I have a CAI & a catback and if.. I said if, I am a good boy, I can get 30mpg in town.
just my .02


----------



## Jarek (Mar 29, 2005)

panoramic world said:


> Thanks. If you floor it, how horribly noticable does the gas milage go down? My freind as a pretty much bone stock 05 Civic SI, put on an AEM cold air intake, and swears to God, even with driving like a madman, he still gets slighty better gas milage than stock. I highly doubt thats true though.


your comparing apples to peaches... hondas have always gotten good gas mileage compared to most vehicles. Nissans... its a mixed bag, esp the spec v; gas mileage can vary greatly.... (this is dependent on driving habits; as everyone else has been saying.)


----------



## skibum_02 (Feb 9, 2006)

whats the deal with rain and cai's? as long as i stay out of rivers and puddles im alright? i have a stock 04 spec v. i am just about to order a hoshot cai and then find out i should probably have a catback exhaust. i don't want to sound like a civic, but i'm not sure my stock exhaust will work.. or maybe i should just to the tint and save more money and do all the performance at once.. :cheers:


----------



## Zac (Mar 10, 2004)

unless you make your car a hovercraft and drive through the mississippi river, you will be fine. bypass valves are not needed. it will sound good with the stock exhaust and better with an aftermarket. it is a header and stock exhaust that sounds bad. if you want a deep exhaust, i suggest stromung.


----------



## SHIFTVAX (Jan 15, 2006)

panoramic world said:


> I have an 04 6spd, Spec V, my 1st import and 4 cylinder car.
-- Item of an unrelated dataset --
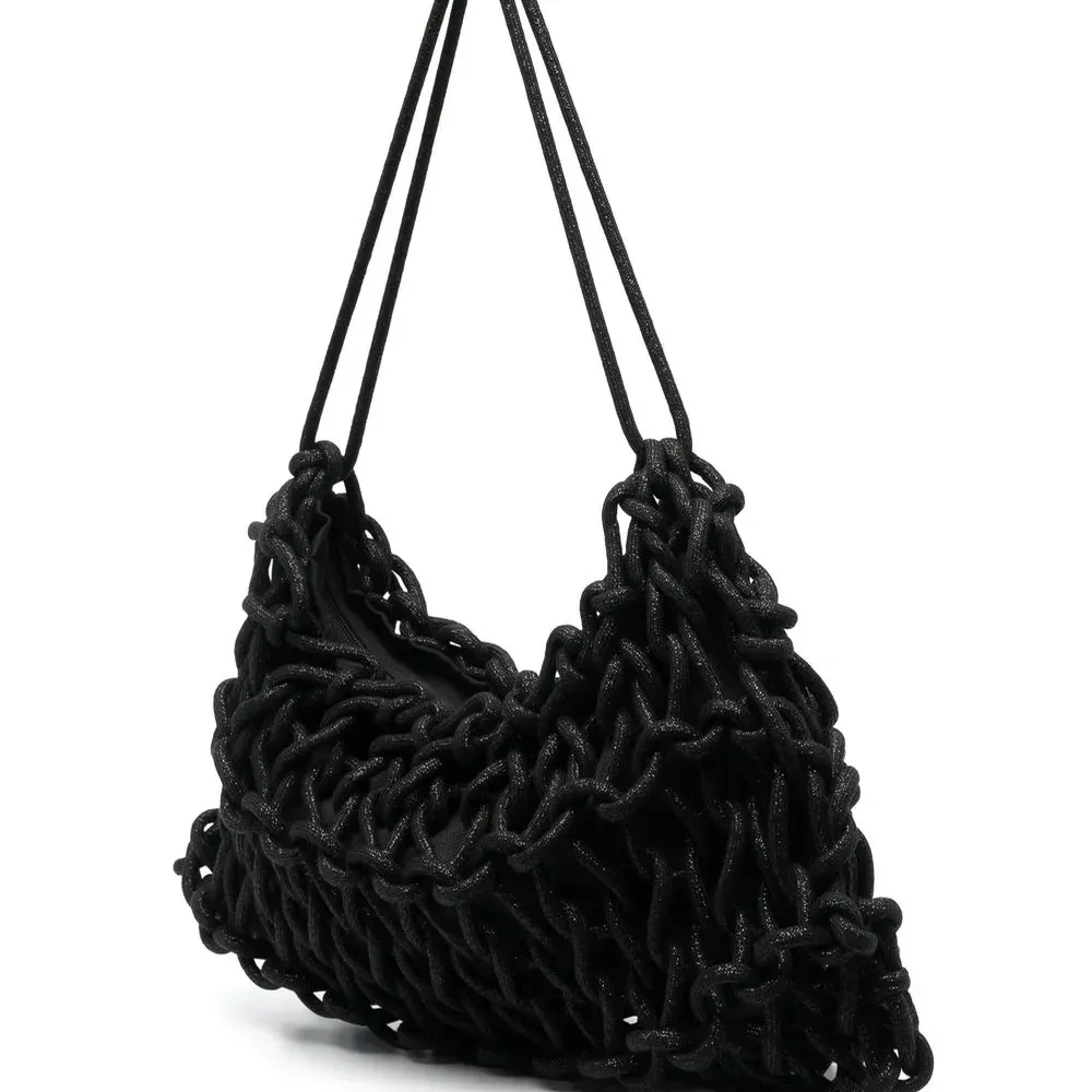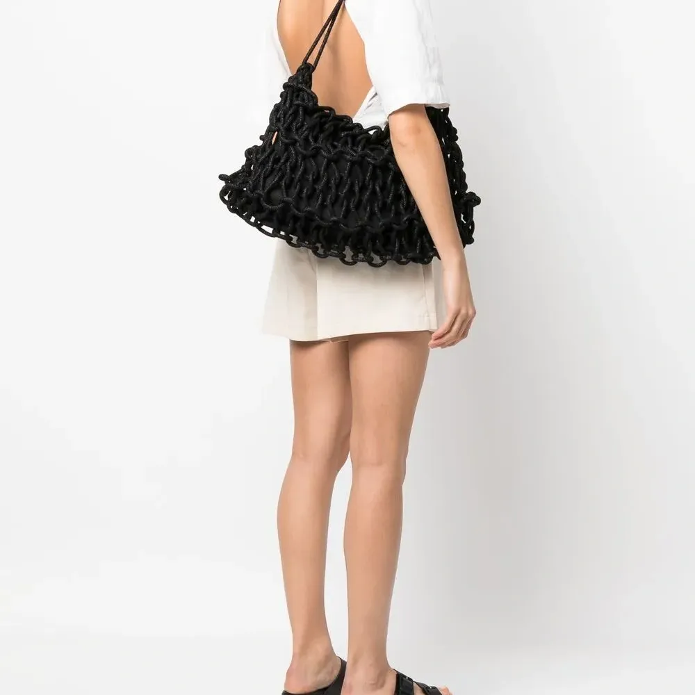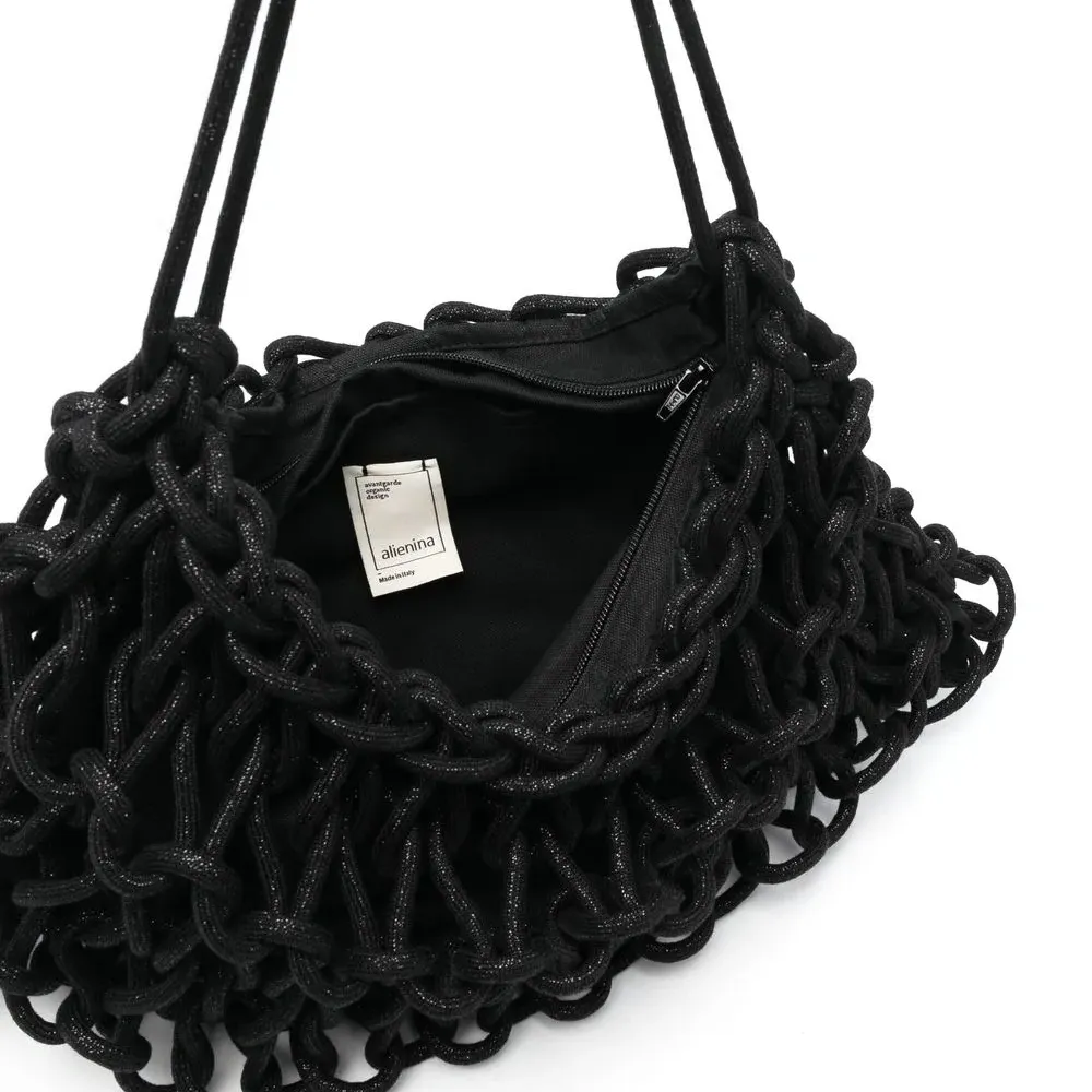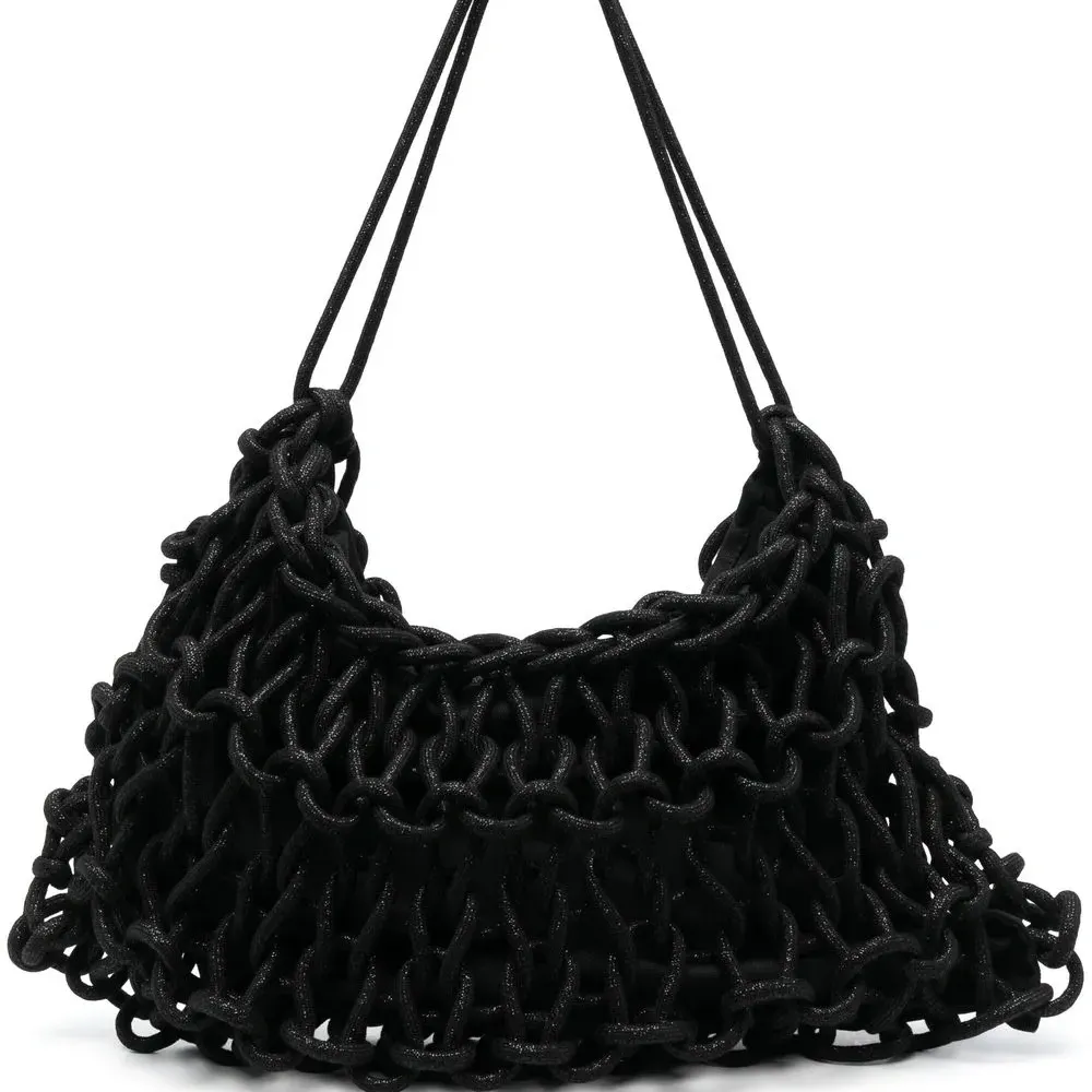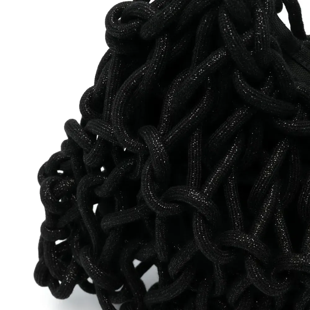 Черный, смесовый хлопок, переплетенный дизайн, вощеный материал, вставки из люрекса, ремень на плечо, застежка на молнии сверху и основное отделение. Ответственный выбор: Мы объединились с агентством Good On You, которое оценивает бренды по степени их влияния на животных, людей и планету в целом. Этот бренд использует этичные по отношению к животным практики, поэтому получил хорошую оценку.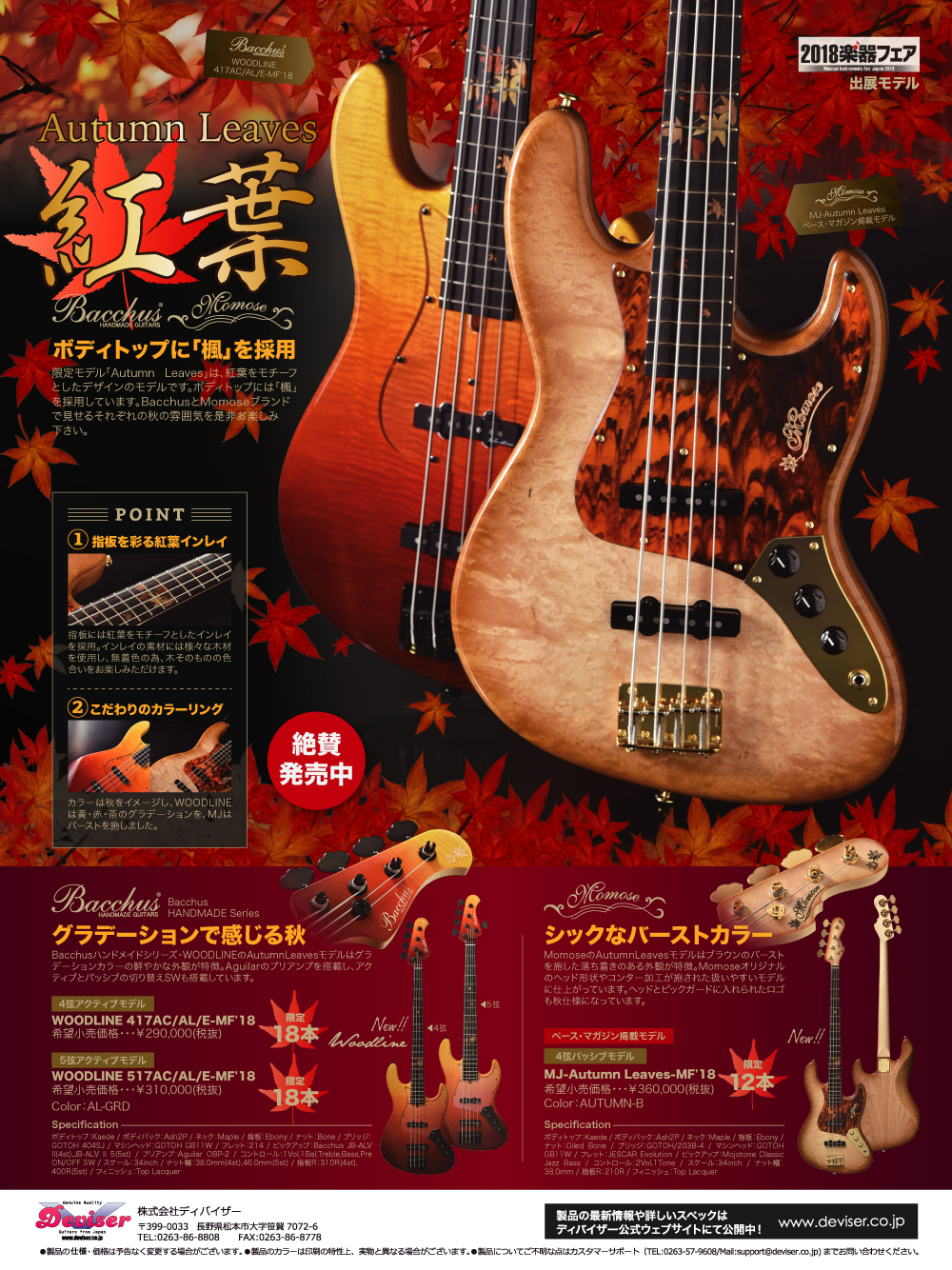 ベースマガジンの一番最後のページにあります広告では、上記と同じく「MJ-Autum Leaves-MF'18」と「Bacchus Handmade Series WOODLINE Autum Leaves」モデルを掲載。

My question is this...would putting a cold air intake on it make my gas milage any better or void my facotry warranty if i did put it on?
> 
> Thanks in advance.


They are suppose to cause better gas milleage, but you will develope the lead foot syndrome causing it to actually drop! It will not void the warranty as long as the MAF doesn't go bad, in the event the MAF goes, they will say it was the CIA's fault and probably won't fix it.


----------